* TO DO *
The line containing "QINSEN Women's Sweettheart" marks the start. Restate it and every following line through the end of the records exactly, and nothing else, leaving out the pictures.

* SOURCE DATA *
___

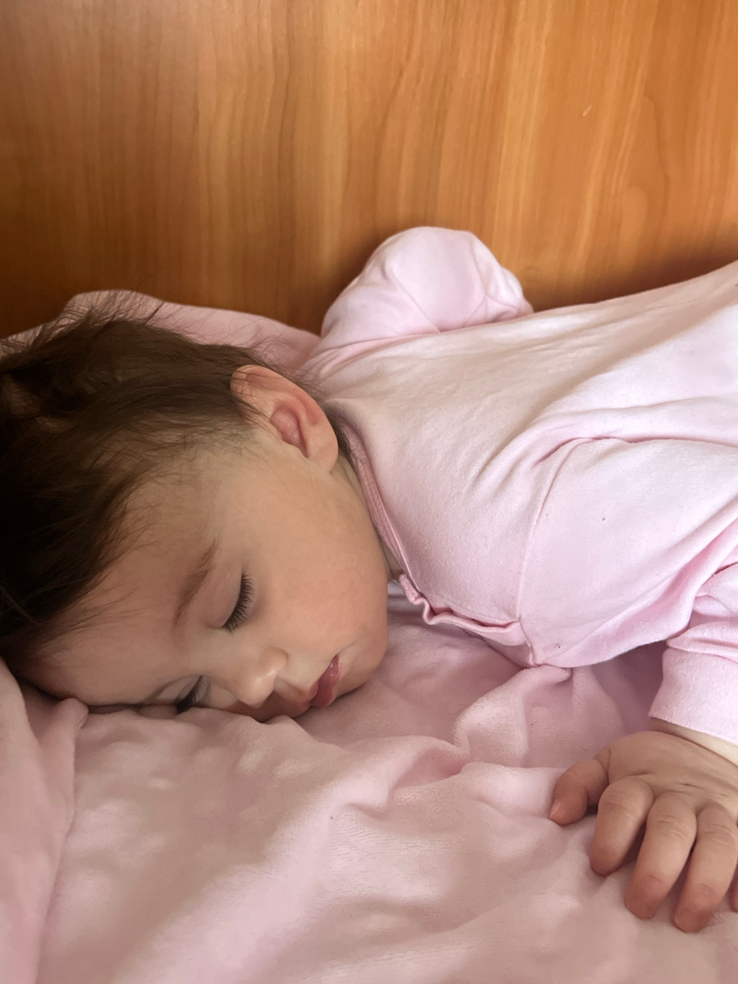 A baby is lying on its side on a pink blanket. The baby is wearing a pink outfit. The baby's eyes are closed, and its mouth is slightly open. The baby has dark hair and light skin. The blanket is wrin…read more
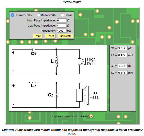Después de evaluar los objetivos de este proyecto, las capacidades de nuestros conductores dados y amplificador; Decidí implementar una red de cruce de Linkwitz-Riley de 2 º orden de alta calidad a 4kHz. El cruce de Linkwitz-Riley de 2 º orden tiene una pendiente de 12dB/octava respetable y le da una respuesta de frecuencia plana potencia en el punto de cruce, donde ambos conductores estarán - 6dB, minimizando la superposición destructiva del sonido.
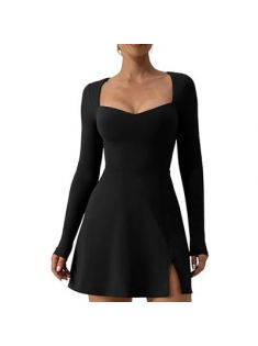 QINSEN Women's Sweettheart Neckline Long Sleeve Dress Side Slit Stretch Flare Mini Dress
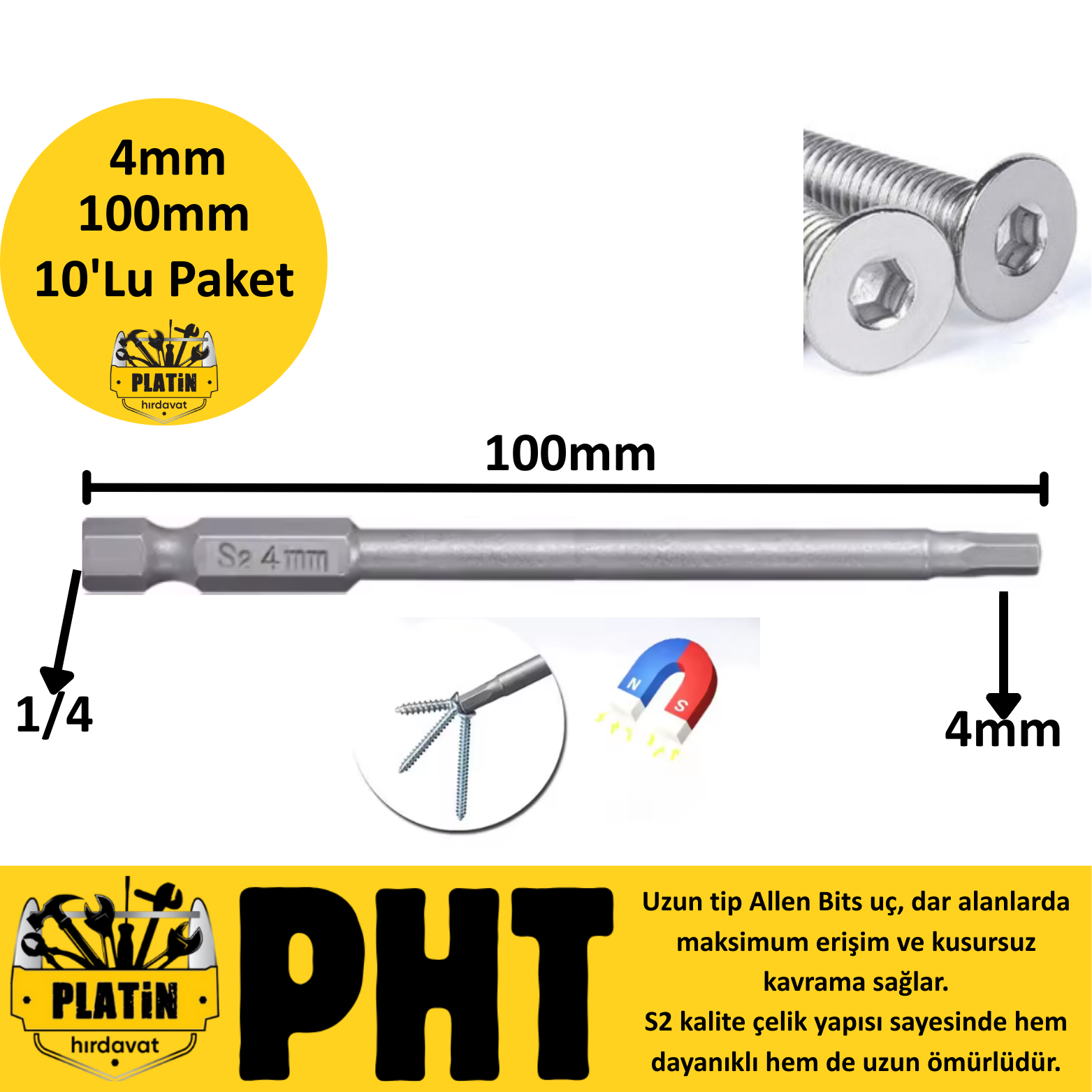 PHT Allen Bits Uç Uzun Boy Hex 4mm X 100mm plt280076 ( 10 Adet )
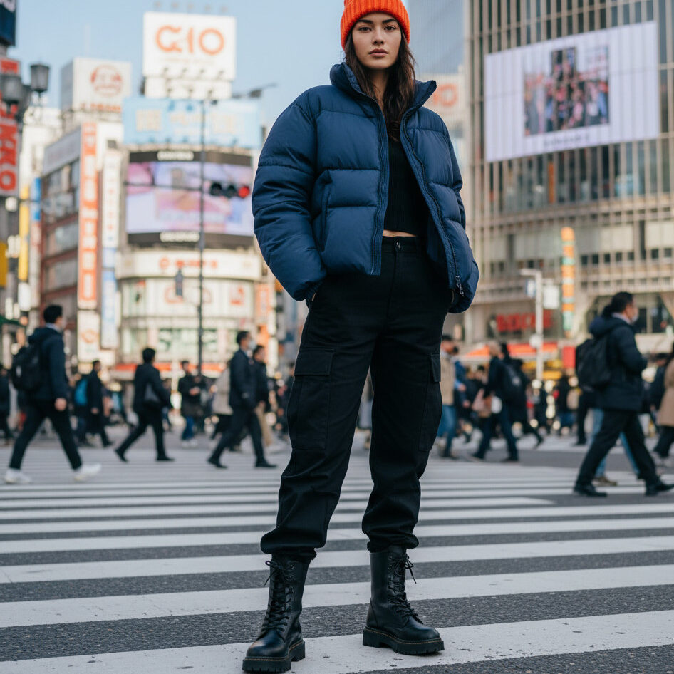 Go for a sporty aesthetic: down puffer, black cargo pants, and combat boots. Finish with a beanie — the ultimate Korea winter outfit meets Shibuya-ready streetwear look.

___

* COMPLETED TASK *
 QINSEN Women's Sweettheart Neckline Long Sleeve Dress Side Slit Stretch Flare Mini Dress
 PHT Allen Bits Uç Uzun Boy Hex 4mm X 100mm plt280076 ( 10 Adet )
 Go for a sporty aesthetic: down puffer, black cargo pants, and combat boots. Finish with a beanie — the ultimate Korea winter outfit meets Shibuya-ready streetwear look.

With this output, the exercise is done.